This is not the first time we’ve met Abu Omar. In early 2016 Karam al-Masri of Agence France-Presse filed a moving story about him, when he lived in the rebel-held neighborhood of al-Shaar and had 30 cars to his name. But as the war devolved, shifting control last year from the rebels to the government after a brutal battle, so did the collection.
AFP’s Beirut Bureau Chief Sammy Ketz and photographer Joseph Eid recently returned to Aleppo to feel out the toll of war. They planned to follow up on al-Masri’s story about the man with the vintage cars. Once they arrived to the neighborhood, local residents led them to his home. Ketz reported that a third of the man’s vehicles have been stolen or destroyed.

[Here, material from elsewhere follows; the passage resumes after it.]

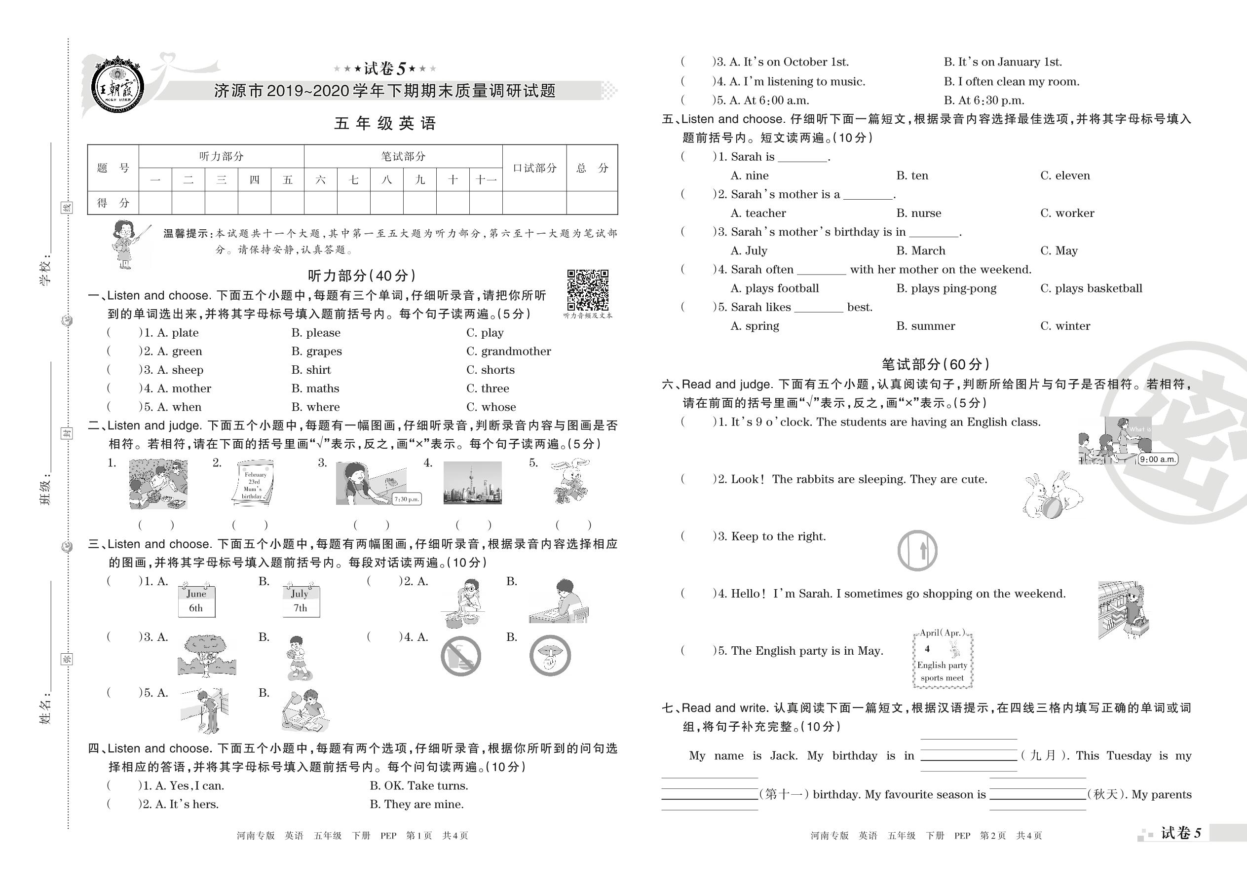 2019-2020学年第二学期济源市五年级英语试卷(PEP版)【5】

“We knocked on the big green steel gate and he opened it for us,” Eid tells TIME. Observing the situation this man was in, he adds, “we found ourselves obliged to dig deeper into his life.”
It was during a tour of the house that they came across the vinyl player. “He told us he still uses it, and a lot these days because it is mechanical and doesn’t need electricity to operate,” Eid says. “He proposed to play some of his vinyl discs but said that he can’t listen to music without smoking his pipe.”

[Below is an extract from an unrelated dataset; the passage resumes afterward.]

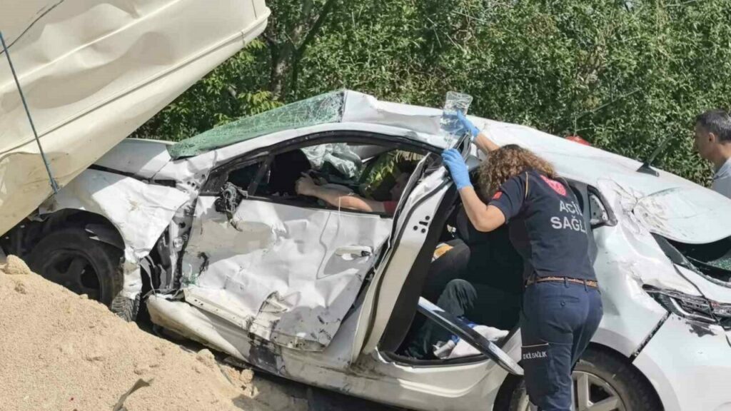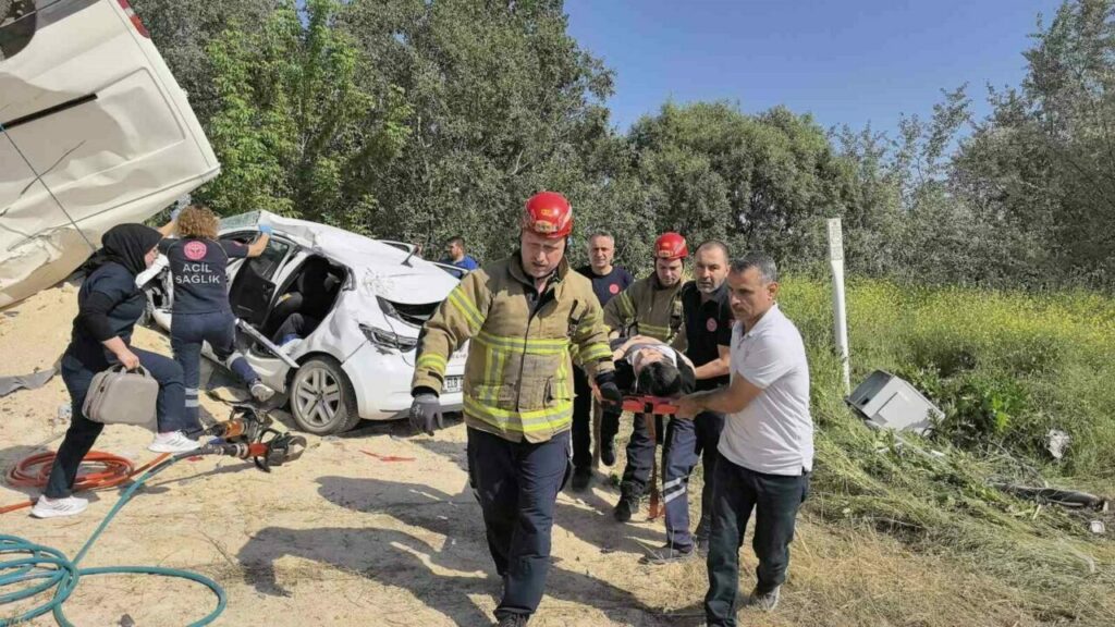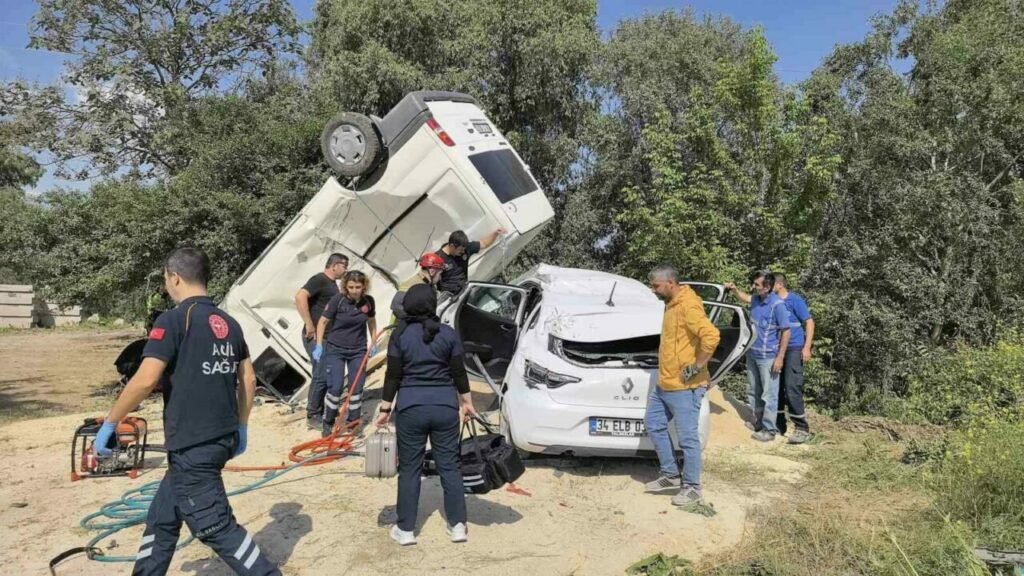 Bursa’nın İnegöl ilçesinde meydana gelen kazada otomobil ile çarpışan minibüs ters döndü. 2’si ağır 3 kişi yaralanırken, kaza yeri havadan görüntülendi. Sağlık ve kurtarma ekipleri zamanla yarışırken, ambulans görevlisinin otomobil sürücüne takılan serumu uzun süre havada tutarak akışını sağlaması dikkat çekti. Kaza anı da güvenlik kamerasına yansıdı.

And so they waited while Abu Omar lit his pipe, turned the crank and sat to enjoy the music on his broken bed, in his ruined room, in his destroyed home, in his obliterated city, in his fractured country. “He played one of his favorite songs,” Eid adds, an old Arabic tune by Syrian singer Mohamed Dia al-Din. “He is so attached to his past and to the things that he always cherished and loved, and without them he will lose his identity,” Eid says. “That’s why he insists on staying and getting back his life again.”
It’s a scene he says he will never forget. “Whenever I feel or will feel any kind of despair or surrender to [life’s] problems and obstacles,” Eid says, “I will always [recall] the image of Abu Omar smoking his pipe while sitting on his rubble covered broken bed and listening to his favorite music.”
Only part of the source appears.